Little is known about Portinari's early life, but he was probably born in Florence, which was home to a number of prominent individuals with this surname, such as Beatrice Portinari and Tommaso Portinari.

He was living in England by 1526, in which year he is recorded as one of the gentlemen pensioners of King Henry VIII (a position he retained until at least 1547), and in February 1537 he was formally naturalised as an English subject. Around the same time he further demonstrated his commitment to his new homeland by taking an English wife.
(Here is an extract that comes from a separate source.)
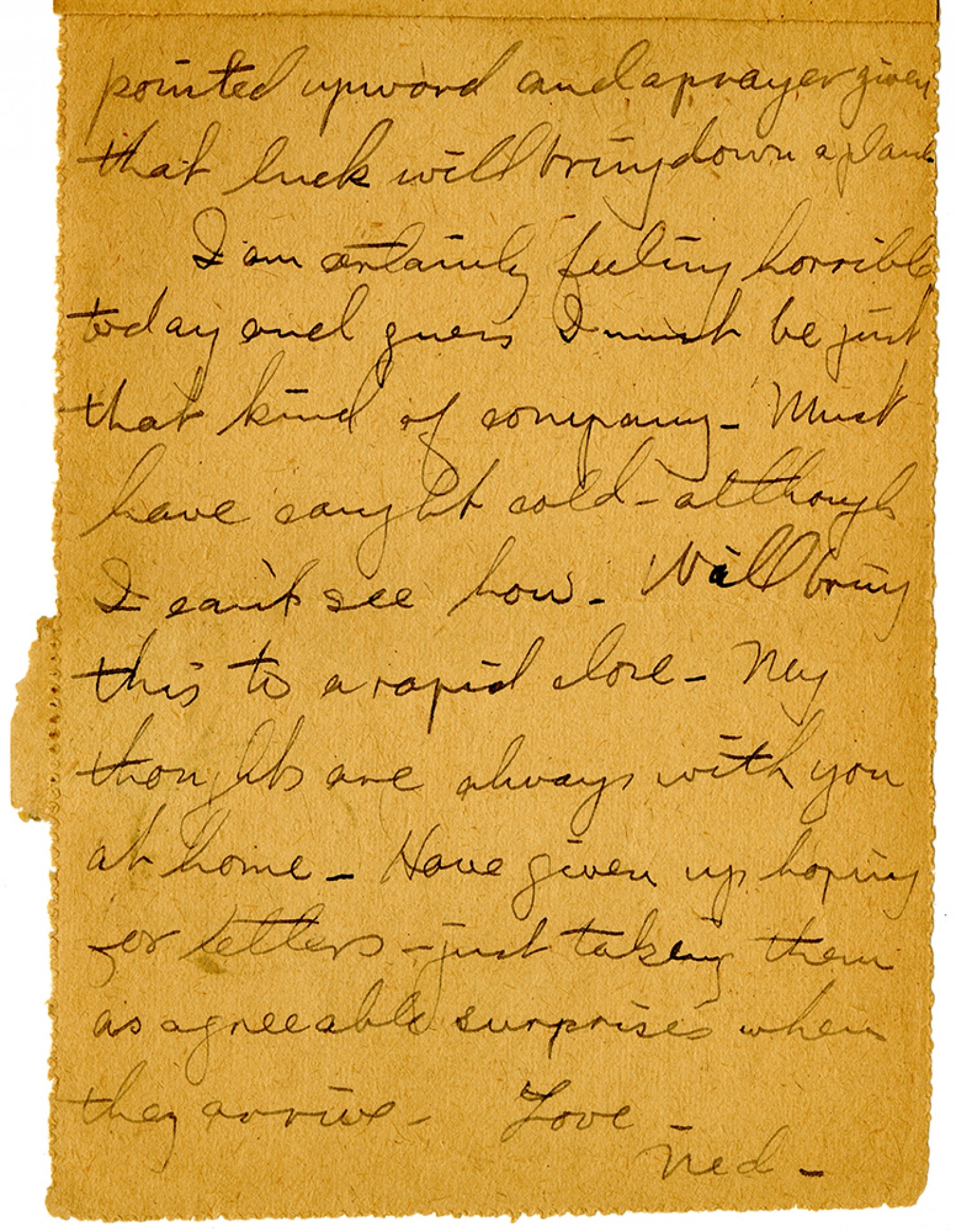 pointed upward and a prayer given that luck will bring down a plane. I am certainly feeling horrible today and guess I must be just that kind of company. Must have caught cold - although I can't see how. Will bring this to a rapid close. My thoughts are always with you at home. Have given up hoping for letters - just taking them as agreeable surprises when they arrive. Love - Ned.

In the late 1530s the Dissolution of the Monasteries got under way, and Portinari was hired by Thomas Cromwell, the king's chief minister and principal architect of the anti-monastic policy, to undertake the demolition of the Cluniac Priory of St Pancras in Lewes. After completing the work, Portinari submitted a detailed report to Cromwell, and this together with physical evidence from the site enables the demolition process to be reconstructed to an unusually extensive degree. First, the lead roof tiles were removed and melted down on site in specially-built portable furnaces. Once this was done, Portinari and his men dug tunnels under the walls and then set fires within them. These burned away the wooden props, causing the tunnels to cave in and bringing down the walls on top of them. Much of the rubble was subsequently cannibalised for building materials on construction sites in the area, and stones from the priory are still visible in the walls of Southover Grange.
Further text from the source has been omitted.